Филипповна хотела изрыгнуть очередное обзывательство, но входная дверь громко хлопнула. "Ну и проваливай, Зинка-морозилка! Знать тебя больше не хочу!» - Филипповна закрыла за подругой дверь на два оборота, и тут ей на глаза попался Зинкин ключ. Она дёрнула за него со всей силы так, что ключ отцепился от основной связки вместе с колечком. Филипповна, собрав оставшуюся в ногах прыть, рванула на балкон, дождалась, когда из подъезда выйдет Петровна, бросила ключ на тротуар и выкрикнула вслед:

- И ключ свой забери! Помирать будешь – звать не вздумай, не приду. И ко мне на похороны, чтоб ни ногой! Поняла?

Ничего не ответила Петровна. Подняла брошенный ей ключ, покрутила пальцем у виска и тихонько пошла по тропинке к своей пятиэтажке.

С вечера у Таисии Филипповны прихватило сердце. Оторвавшись от очередной серии своего «слезливого» сериала, она вышла на кухню, положила таблетку валидола под язык, приоткрыла форточку и хлебнула свежего воздуха. Взгляд её упал на светящееся окно Зинаиды Петровны. У подружки тоже была приоткрыта форточка. «Что, зараза, задохнулась! Злишься, поди, на меня, оттого воздуху и не хватает? Так тебе и надо!» - Таисия Филипповна захлопнула форточку, наглухо задёрнула занавеску, чтоб «не видеть, не слышать и не вспоминать».

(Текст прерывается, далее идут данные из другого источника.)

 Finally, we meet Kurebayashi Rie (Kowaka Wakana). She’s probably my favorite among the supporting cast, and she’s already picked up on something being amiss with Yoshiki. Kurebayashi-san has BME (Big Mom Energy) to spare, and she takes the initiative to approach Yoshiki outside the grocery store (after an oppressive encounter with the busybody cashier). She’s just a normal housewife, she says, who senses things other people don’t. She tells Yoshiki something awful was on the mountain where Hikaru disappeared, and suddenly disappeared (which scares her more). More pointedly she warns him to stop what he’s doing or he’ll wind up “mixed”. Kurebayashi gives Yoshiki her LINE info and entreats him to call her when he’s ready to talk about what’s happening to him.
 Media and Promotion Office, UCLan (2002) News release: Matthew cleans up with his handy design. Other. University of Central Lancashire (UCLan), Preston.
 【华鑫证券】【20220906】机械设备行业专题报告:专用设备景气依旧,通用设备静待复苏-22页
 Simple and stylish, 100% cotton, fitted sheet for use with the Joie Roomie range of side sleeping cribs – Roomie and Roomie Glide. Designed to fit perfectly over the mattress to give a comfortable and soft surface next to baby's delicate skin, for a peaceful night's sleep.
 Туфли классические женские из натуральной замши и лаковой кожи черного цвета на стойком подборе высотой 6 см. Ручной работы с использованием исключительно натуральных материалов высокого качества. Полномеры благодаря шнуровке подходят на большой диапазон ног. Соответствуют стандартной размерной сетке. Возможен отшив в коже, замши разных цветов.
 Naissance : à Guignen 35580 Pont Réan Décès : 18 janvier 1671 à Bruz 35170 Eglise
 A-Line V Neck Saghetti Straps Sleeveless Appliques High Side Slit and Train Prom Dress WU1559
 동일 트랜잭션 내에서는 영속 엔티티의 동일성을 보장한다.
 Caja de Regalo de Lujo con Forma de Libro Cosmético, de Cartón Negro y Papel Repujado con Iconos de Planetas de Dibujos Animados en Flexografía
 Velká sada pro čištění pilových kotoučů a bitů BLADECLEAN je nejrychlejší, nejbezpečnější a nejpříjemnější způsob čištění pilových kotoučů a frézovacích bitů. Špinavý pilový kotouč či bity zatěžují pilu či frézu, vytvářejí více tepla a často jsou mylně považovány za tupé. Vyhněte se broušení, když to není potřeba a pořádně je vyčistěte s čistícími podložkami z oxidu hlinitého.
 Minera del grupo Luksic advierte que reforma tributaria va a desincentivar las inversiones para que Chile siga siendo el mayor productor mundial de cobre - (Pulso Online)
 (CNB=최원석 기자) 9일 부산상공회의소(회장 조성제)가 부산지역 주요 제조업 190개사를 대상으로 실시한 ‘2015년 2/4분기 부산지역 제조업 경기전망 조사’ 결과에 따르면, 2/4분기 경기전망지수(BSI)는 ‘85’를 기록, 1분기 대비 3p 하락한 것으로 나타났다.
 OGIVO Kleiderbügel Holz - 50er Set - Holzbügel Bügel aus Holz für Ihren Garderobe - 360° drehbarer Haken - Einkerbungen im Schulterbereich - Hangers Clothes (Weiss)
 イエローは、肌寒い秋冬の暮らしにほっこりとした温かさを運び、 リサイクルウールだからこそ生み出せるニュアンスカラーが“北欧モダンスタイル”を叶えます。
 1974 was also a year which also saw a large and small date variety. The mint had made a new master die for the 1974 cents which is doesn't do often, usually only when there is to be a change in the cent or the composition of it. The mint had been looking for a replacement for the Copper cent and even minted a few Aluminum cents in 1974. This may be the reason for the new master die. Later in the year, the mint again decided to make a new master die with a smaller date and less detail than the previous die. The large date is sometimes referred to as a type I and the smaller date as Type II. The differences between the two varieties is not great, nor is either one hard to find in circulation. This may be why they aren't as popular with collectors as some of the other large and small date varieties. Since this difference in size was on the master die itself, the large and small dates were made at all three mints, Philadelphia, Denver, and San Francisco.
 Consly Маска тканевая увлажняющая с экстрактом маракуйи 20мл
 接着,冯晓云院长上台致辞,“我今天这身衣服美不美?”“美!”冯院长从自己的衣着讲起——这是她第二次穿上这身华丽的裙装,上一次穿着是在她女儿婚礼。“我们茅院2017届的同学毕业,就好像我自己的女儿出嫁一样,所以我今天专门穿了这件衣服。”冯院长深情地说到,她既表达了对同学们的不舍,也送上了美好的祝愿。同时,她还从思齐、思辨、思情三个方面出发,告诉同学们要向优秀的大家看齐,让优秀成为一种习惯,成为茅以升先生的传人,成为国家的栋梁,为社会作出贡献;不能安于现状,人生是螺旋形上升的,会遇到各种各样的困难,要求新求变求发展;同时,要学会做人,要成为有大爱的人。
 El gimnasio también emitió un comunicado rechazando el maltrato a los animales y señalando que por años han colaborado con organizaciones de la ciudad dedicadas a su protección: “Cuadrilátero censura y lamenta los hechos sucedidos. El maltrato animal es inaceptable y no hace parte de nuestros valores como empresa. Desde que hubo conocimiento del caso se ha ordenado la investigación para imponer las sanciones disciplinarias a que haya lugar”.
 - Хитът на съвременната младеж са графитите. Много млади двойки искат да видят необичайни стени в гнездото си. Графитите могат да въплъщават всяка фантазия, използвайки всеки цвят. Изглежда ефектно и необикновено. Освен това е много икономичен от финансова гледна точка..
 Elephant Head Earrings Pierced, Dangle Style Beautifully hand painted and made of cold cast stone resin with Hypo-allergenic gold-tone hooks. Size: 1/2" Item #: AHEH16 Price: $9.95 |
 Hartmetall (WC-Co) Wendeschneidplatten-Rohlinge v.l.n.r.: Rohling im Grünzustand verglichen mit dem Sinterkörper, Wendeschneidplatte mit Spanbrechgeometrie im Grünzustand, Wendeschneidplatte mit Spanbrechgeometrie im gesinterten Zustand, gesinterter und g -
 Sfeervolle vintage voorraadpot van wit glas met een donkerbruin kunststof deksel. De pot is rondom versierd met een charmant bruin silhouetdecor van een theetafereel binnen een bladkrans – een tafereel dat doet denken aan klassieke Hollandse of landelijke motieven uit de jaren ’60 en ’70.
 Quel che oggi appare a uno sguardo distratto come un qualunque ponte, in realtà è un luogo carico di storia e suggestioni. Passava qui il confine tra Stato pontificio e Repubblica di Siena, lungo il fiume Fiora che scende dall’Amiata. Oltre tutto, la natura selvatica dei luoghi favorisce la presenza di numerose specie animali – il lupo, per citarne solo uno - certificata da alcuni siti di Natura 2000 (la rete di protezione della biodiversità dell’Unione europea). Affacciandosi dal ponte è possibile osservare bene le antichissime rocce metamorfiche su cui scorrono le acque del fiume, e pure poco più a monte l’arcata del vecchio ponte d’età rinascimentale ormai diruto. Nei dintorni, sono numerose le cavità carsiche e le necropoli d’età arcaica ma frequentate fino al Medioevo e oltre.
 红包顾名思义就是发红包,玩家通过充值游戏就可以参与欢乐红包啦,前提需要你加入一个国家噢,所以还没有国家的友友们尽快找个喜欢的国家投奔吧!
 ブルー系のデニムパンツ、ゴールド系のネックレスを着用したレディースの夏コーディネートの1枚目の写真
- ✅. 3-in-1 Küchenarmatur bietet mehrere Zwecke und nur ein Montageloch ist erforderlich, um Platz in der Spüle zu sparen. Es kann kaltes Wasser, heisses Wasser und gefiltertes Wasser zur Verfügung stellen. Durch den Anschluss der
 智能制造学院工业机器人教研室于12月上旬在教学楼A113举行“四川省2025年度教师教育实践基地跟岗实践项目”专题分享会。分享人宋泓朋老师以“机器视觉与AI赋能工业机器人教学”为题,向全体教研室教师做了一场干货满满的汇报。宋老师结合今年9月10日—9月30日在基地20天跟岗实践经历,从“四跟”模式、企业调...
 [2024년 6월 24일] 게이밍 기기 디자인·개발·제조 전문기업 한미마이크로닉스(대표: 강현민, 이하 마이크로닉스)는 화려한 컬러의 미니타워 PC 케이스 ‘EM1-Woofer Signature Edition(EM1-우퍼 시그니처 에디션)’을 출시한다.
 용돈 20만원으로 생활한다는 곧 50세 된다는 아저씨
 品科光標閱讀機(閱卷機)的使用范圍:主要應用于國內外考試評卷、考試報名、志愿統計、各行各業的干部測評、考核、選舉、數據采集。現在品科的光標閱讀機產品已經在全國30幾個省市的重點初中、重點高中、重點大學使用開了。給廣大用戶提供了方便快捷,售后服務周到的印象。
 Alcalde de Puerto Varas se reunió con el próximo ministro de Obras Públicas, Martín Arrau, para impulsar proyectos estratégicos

Принятое лекарство подействовало, голова Филипповны сникла на подушку и старушка заснула. Очнулась ото сна далеко за полночь, ближе к утру. Телевизор отключился, в квартире царила предрассветная тишина. Недолго пролежав на спине с открытыми глазами, Таисия Филипповна поднялась с кровати, проковыляла на кухню, отдёрнула в сторону занавеску и выглянула в окно. Дом напротив спал, и только окно Зинаиды Петровны светилось в темноте. «Не спит, мается в обнимку с бессонницей, - подумала Таисия Филипповна, - и поделом. Никак и форточка до сих пор открыта? Вот ведь, богачка кремлёвская! Погляжу, как заохает, когда счета за свет и газ придут!» После последних слов, произнесённых вслух, Филипповна сплюнула, отвернулась от окна и отправилась в кровать, коротать там оставшуюся часть ночи. Не заметила, как задремала: чутко и ненадолго. Снился ей Коля-Николай – молодой, здоровый, разухабисто весёлый. Смотрел ей в глаза долгим искрящимся взглядом, надевал на палец колечко, наспех сплетённое из ивовых прутиков, и звал замуж. Она нарочито хмурила брови, соглашалась, а потом плакала, плакала, плакала от счастья...

«Миленький мой, Колюшка, ты прости меня, что умаяла я тебя своими упрёками, - Таисия Филипповна проснулась, села на кровати. – Но ты же и сам виноват. Всю жизнь мне в пример Зинку ставил: Зинка – ангел, Зинка людей поедом не ест! Вот и женился бы на Зинке по молодости!»

Весеннее солнце уронило на город свой свет. Лучи его плескались в лужах, отражались от оконных стекол, заливали пробуждающей радостью каждую улочку, каждый дворик. Люди, шагающие по тротуарам, улыбались и щурились.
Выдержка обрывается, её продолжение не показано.